Таким образом, и большинство советских исследователей расценивают речь Антонио Лоски в защиту жадности как отвечающую духу времени и, следовательно, определяющую подход Поджо Браччолини к проблеме богатства, что в свою очередь дает ключ к пониманию его этических воззрений. Нам же представляется важным не столько отождествление авторской позиции с точкой зрения того или иного участника диалога, сколько раскрытие тех этических принципов, которые отражают суть подхода Поджо к решению проблемы avaritia.
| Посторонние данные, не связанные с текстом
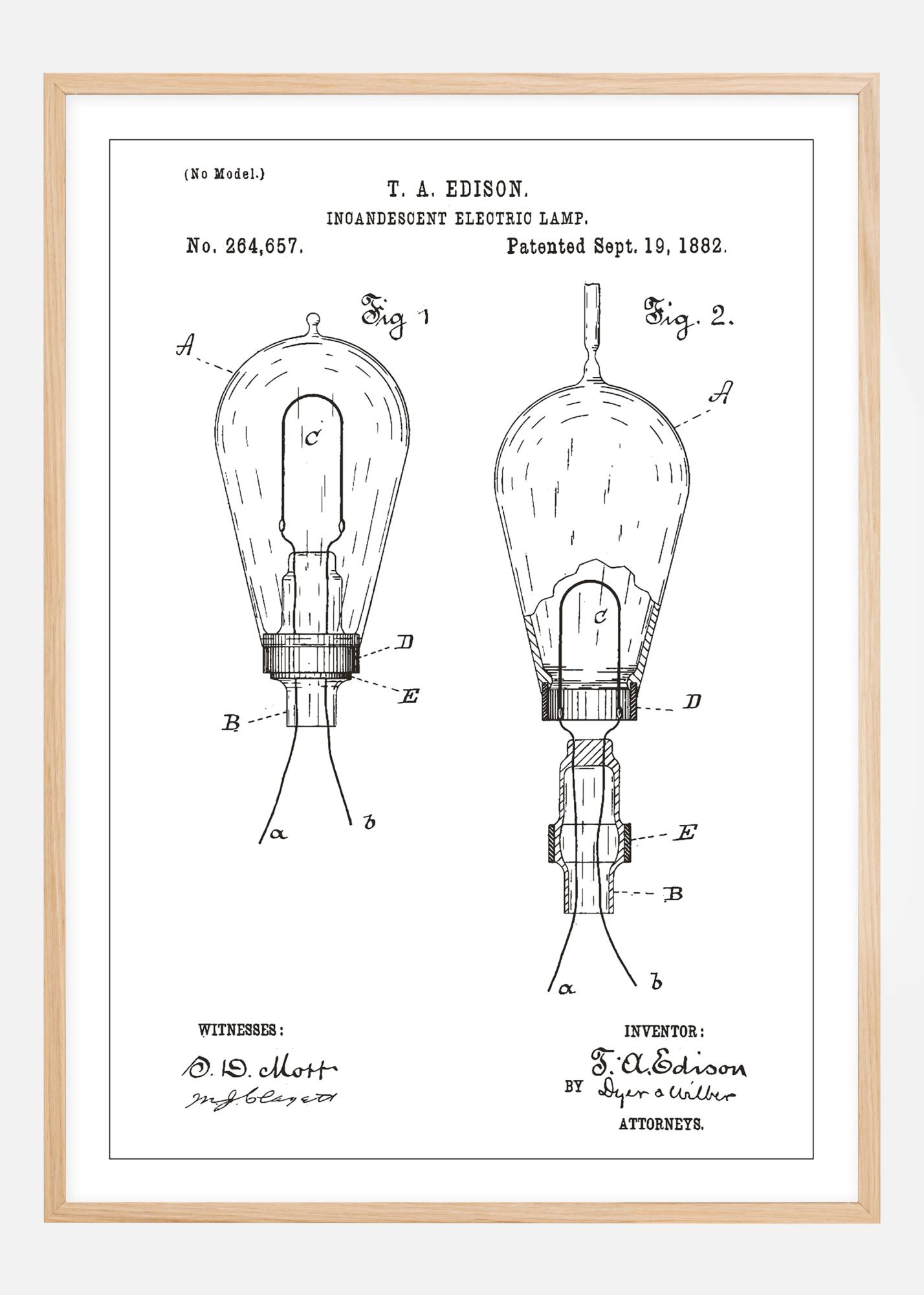 Този специално изработен патент разкрива красотата на дизайна на Т. А. Едисон на електрическа лампа, която оформи съвременния свят чрез патент номер 264,657, издаден на 19 септември 1882 г. Подробната илюстрация осветява техническите аспекти на ранна версия на електрическата лампа, която беше една от първите комерсиално успешни електрически лампи. Този патентен плакат е перфектен трибют към един от най-влиятелните изобретатели на всички времена и неговия принос към електрическото осветление.

Введение в диалоге посвящено гуманисту Франческо Барбаро. Поджо просит его критически и в то же время снисходительно подойти к своему первому труду, написанному «для общего блага» по примеру современников, «которые своими деяниями достигли великой славы и известности» (р. 1). Обращаясь к Барбаро, Поджо говорит о направленности своего сочинения против жадности и выражает надежду, что оно не лишено литературных достоинств (р. 1-2).

В начале диалога Антонио Лоски произносит хвалебную речь о Бернардино да Сьена. Ему возражает Чинчо, заявляя, что Бернардино и другие проповедники совершают, по его мнению, одну и ту же ошибку. Они проповедуют не ради того, чтобы приносить пользу, а с целью блеснуть своим красноречием. Они стремятся не лечить болезни души, а заслужить похвалу и одобрение толпы. Такие ораторы заучивают наизусть несколько фраз, произносят их перед кем угодно и, возвышаясь над невежественной чернью, стремятся понравиться в первую очередь женщинам и глупцам (р. 2-3).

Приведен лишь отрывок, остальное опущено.